Bharat Electronics ends FY21 on a strong note; stock hits new high
Shares of Bharat Electronics Ltd (BEL) hit a new 52-week on Thursday in early deals on the National Stock Exchange. The stock has risen around 13% since the company announced its quarter-ended and year-endng March financial results on Tuesday.
Not only are BEL’s last year’s numbers strong but the company’s guidance for financial year 2022 (FY22) is encouraging as well. For FY22, BEL intends to clock a revenue growth of 15-17% and its order inflows guidance stands at ₹15000-17000 crore. “It is banking on a combination of (1) healthy ordering for weapon systems, (2) increasing relevance of electronic warfare systems and (3) opening up of the naval air force equipment market on the back of BEL’s efforts in indigenization and (4) support from non-defense areas,” said analysts from Kotak Institutional Equities in a report on 23 June.
In FY21, BEL secured orders worth ₹15,000 crore. As on 1 April, its order book stood at ₹53,434 crore, which translates into a healthy 3.9 times FY21 standalone revenues.
Further, the company has guided for an Ebitda margin of 20-22% in FY22. Ebitda is earnings before interest, tax, depreciation and amortization; a key measure of profitability for companies. Note that Ebitda margin for FY21 stood at 21.6%, representing an expansion of 150 basis points vis-à-vis FY20. One basis point is one-hundredth of a percentage point. BEL’s FY21 revenues have increased by 9.6% year-on-year. The company said if it had been a normal situation, it might have crossed double-digit growth of more than 10% for FY21.

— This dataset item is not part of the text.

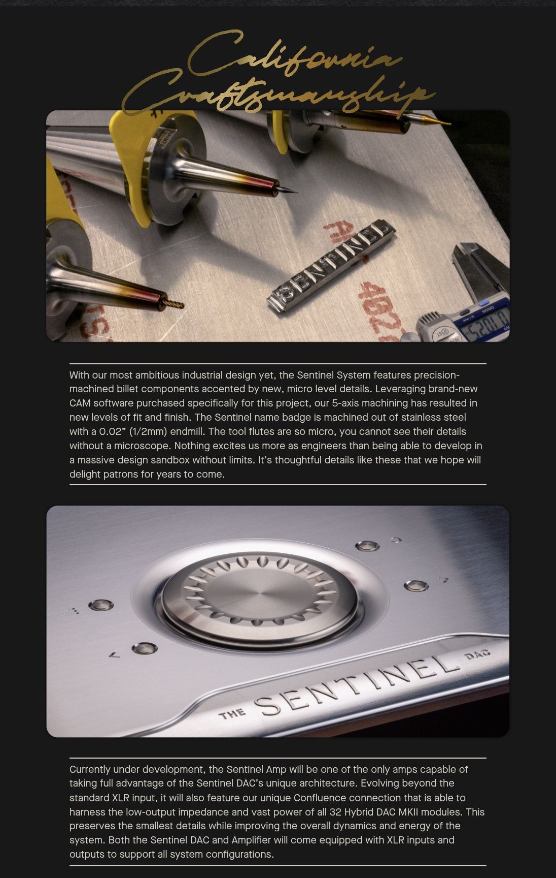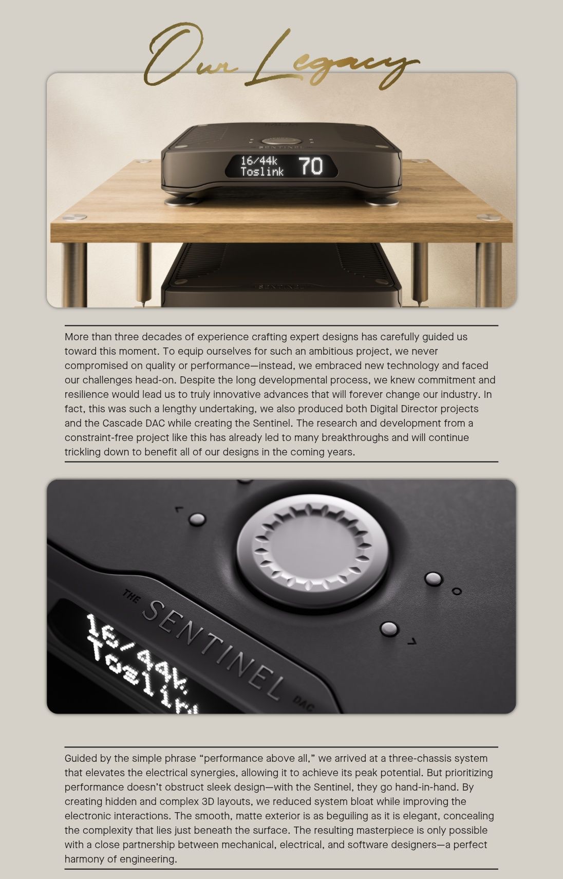More than three decades of experience crafting expert designs has carefully guided us toward this moment. To equip ourselves for such an ambitious project, we never compromised on quality or performance—instead, we embraced new technology and faced our challenges head-on. Despite the long developmental process, we knew commitment and resilience would lead us to truly innovative advances that will forever change our industry. In fact, this was such a lengthy undertaking, we also produced both Digital Director projects and the Cascade DAC while creating the Sentinel. The research and development from a constraint-free project like this has already led to many breakthroughs and will continue trickling down to benefit all of our designs in the coming years.

During the March quarter, strong execution and cost optimization measures helped BEL’s Ebitda margins expand by 300 basis points to 28.5%.
Meanwhile, the BEL stock has substantially outperformed the Nifty 200 index in the past one year. The shares now trade at around 17 times estimated earnings for financial year 2023, based on Bloomberg data. Most analysts remain positive on the stock. “Apart from gaining market share in defense segment, management is also diversifying in non-defense verticals such as EV, metros, electronic warfare, healthcare, etc. expecting to reach 25% of total revenues over next 2-3 years,” pointed out a report by Prabhudas Lilladher Pvt. Ltd.
On the flip side, lower-than-expected order inflows or margins are key risks for the stock, going ahead. “While cash flow has a lot to do with the government’s cash flow capability, BEL’s augmented integration capability could help it generate better growth/returns over 2-3 years. Any potential policy change in surface to air missiles remains a prime risk for BEL,” said a report by Edelweiss Securities on 23 June.